[DATASET CONTENT]

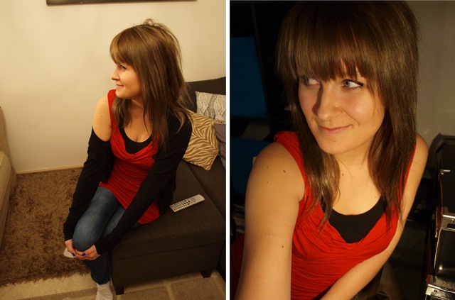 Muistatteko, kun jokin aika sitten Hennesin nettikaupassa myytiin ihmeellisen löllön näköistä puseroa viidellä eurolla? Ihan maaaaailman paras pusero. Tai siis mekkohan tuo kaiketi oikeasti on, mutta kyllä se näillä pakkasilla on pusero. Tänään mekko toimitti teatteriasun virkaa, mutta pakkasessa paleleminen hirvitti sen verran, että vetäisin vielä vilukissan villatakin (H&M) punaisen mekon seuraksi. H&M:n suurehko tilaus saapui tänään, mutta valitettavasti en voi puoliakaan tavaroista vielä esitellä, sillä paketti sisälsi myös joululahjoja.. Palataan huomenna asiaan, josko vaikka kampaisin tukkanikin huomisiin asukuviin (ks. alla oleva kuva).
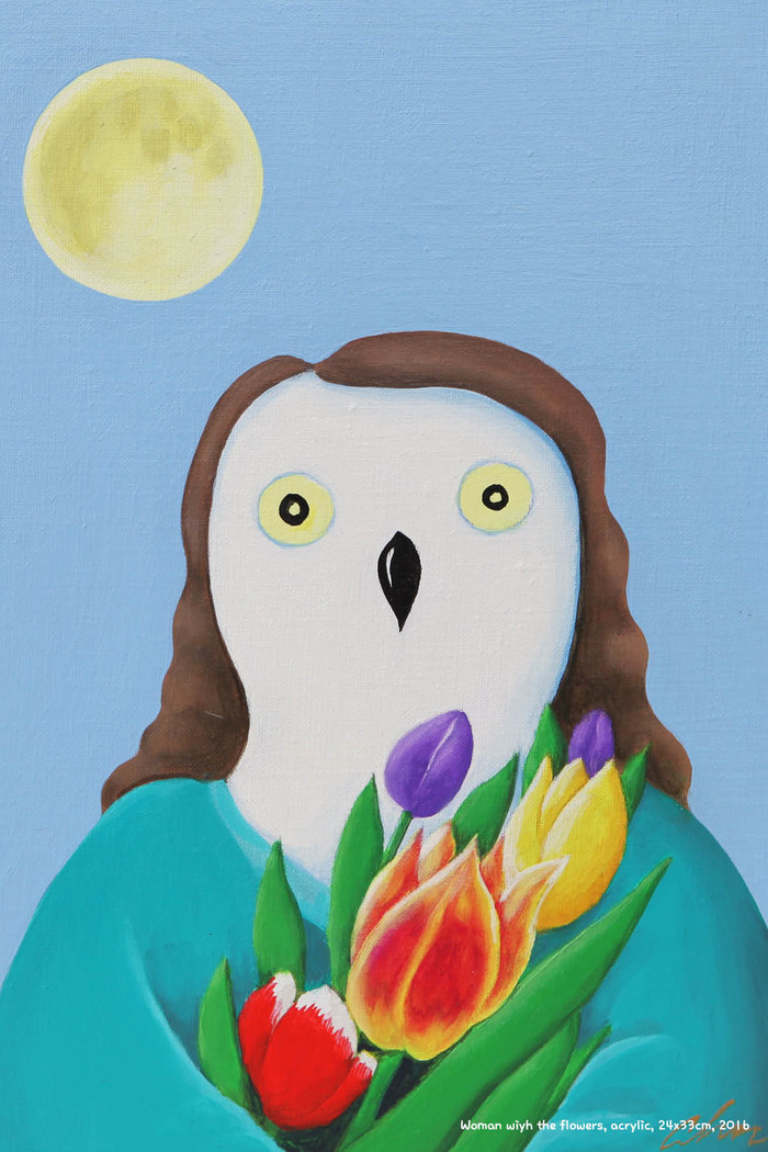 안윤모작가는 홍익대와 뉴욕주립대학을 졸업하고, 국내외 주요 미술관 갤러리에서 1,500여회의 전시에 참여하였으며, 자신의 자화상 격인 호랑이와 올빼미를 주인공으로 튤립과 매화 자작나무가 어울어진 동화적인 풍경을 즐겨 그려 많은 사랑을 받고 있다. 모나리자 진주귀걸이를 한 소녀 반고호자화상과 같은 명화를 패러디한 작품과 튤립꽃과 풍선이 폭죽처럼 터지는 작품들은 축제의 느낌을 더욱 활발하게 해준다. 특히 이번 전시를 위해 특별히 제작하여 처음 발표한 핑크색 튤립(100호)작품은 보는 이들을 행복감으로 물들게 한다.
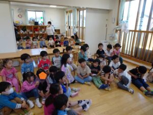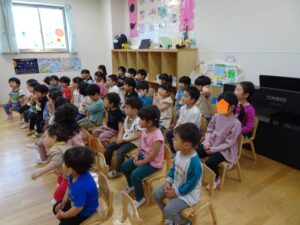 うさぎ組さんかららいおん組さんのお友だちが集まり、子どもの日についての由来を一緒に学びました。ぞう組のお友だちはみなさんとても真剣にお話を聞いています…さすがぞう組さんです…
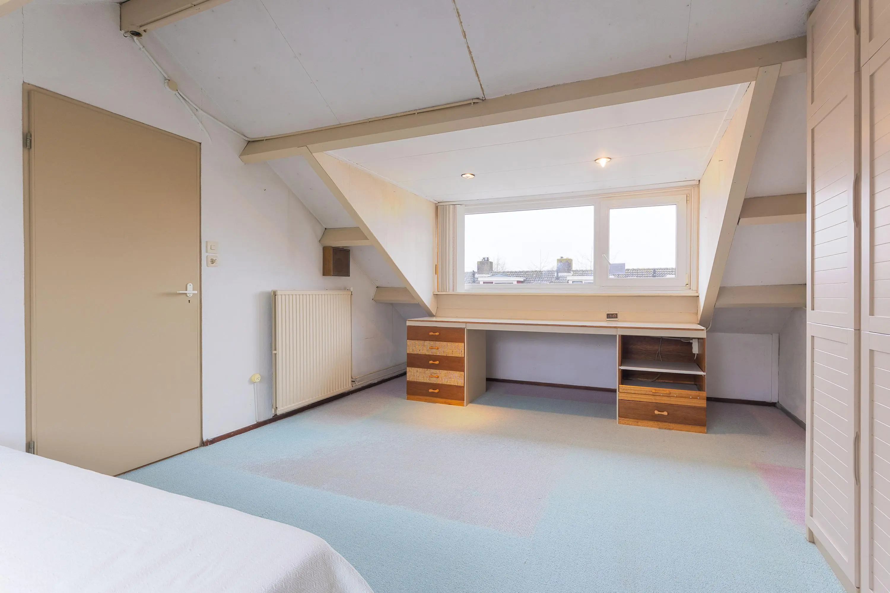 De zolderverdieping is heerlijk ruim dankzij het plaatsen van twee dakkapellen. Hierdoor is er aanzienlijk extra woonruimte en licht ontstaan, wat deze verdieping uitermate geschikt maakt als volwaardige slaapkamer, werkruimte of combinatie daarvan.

[/DATASET CONTENT]
[DATASET CONTENT]

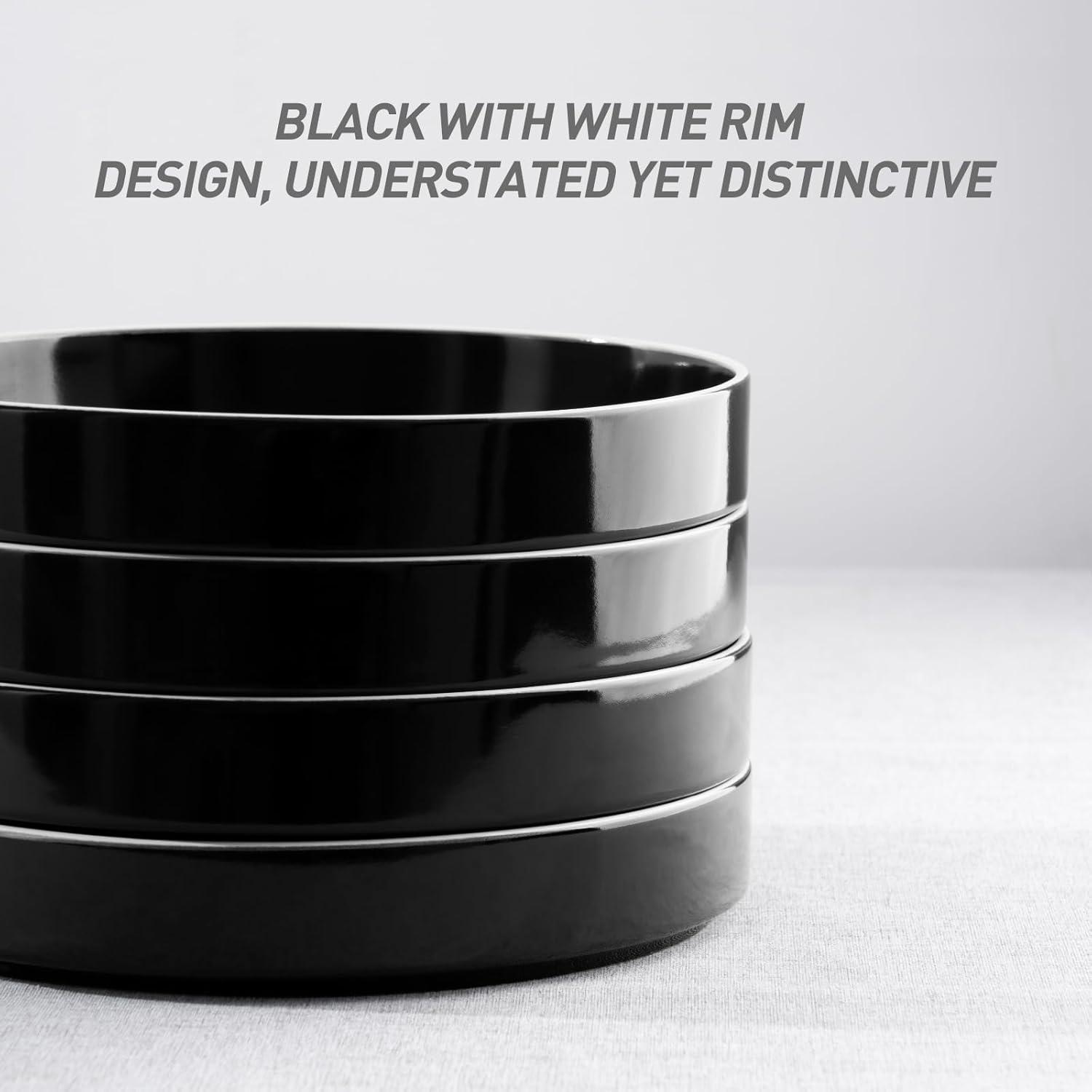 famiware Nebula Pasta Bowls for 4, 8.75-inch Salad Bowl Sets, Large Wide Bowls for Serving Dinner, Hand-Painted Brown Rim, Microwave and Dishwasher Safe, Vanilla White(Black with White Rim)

[/DATASET CONTENT]
[DATASET CONTENT]

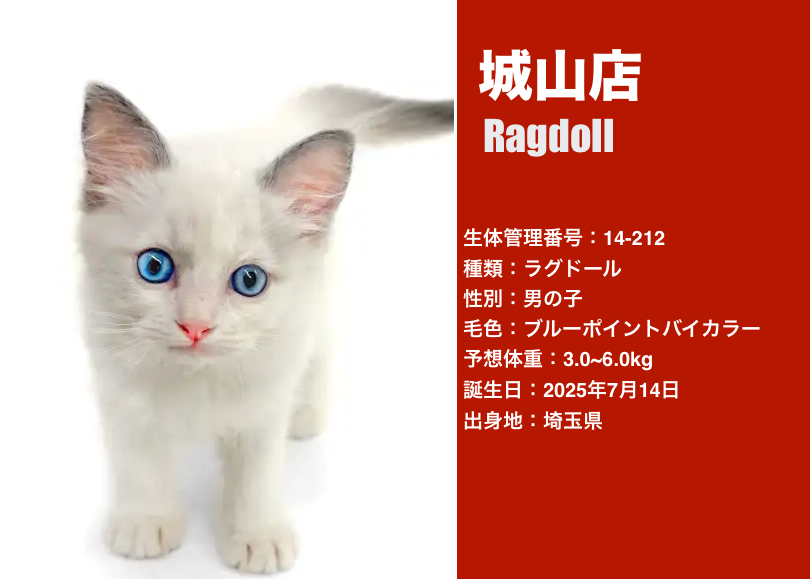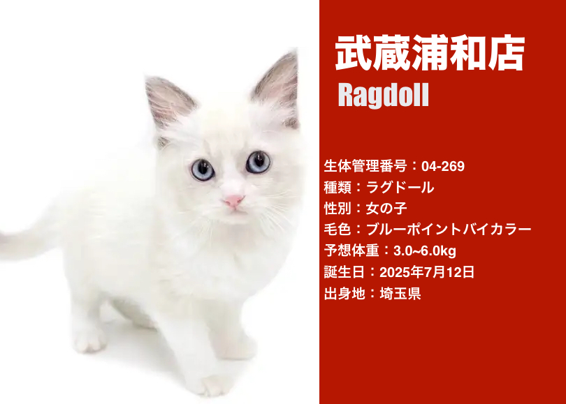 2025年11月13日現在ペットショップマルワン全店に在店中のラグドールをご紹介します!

[/DATASET CONTENT]

**TASK DIRECTIONS:** Of the lines above, quote exactly those from the one with "안윤모작가는 홍익대와 뉴욕주립대학을" through the one with "うさぎ組さんかららいおん組さ", ends included; pictures stay out.

**RESULT FOR THIS TASK:**
 안윤모작가는 홍익대와 뉴욕주립대학을 졸업하고, 국내외 주요 미술관 갤러리에서 1,500여회의 전시에 참여하였으며, 자신의 자화상 격인 호랑이와 올빼미를 주인공으로 튤립과 매화 자작나무가 어울어진 동화적인 풍경을 즐겨 그려 많은 사랑을 받고 있다. 모나리자 진주귀걸이를 한 소녀 반고호자화상과 같은 명화를 패러디한 작품과 튤립꽃과 풍선이 폭죽처럼 터지는 작품들은 축제의 느낌을 더욱 활발하게 해준다. 특히 이번 전시를 위해 특별히 제작하여 처음 발표한 핑크색 튤립(100호)작품은 보는 이들을 행복감으로 물들게 한다.
 うさぎ組さんかららいおん組さんのお友だちが集まり、子どもの日についての由来を一緒に学びました。ぞう組のお友だちはみなさんとても真剣にお話を聞いています…さすがぞう組さんです…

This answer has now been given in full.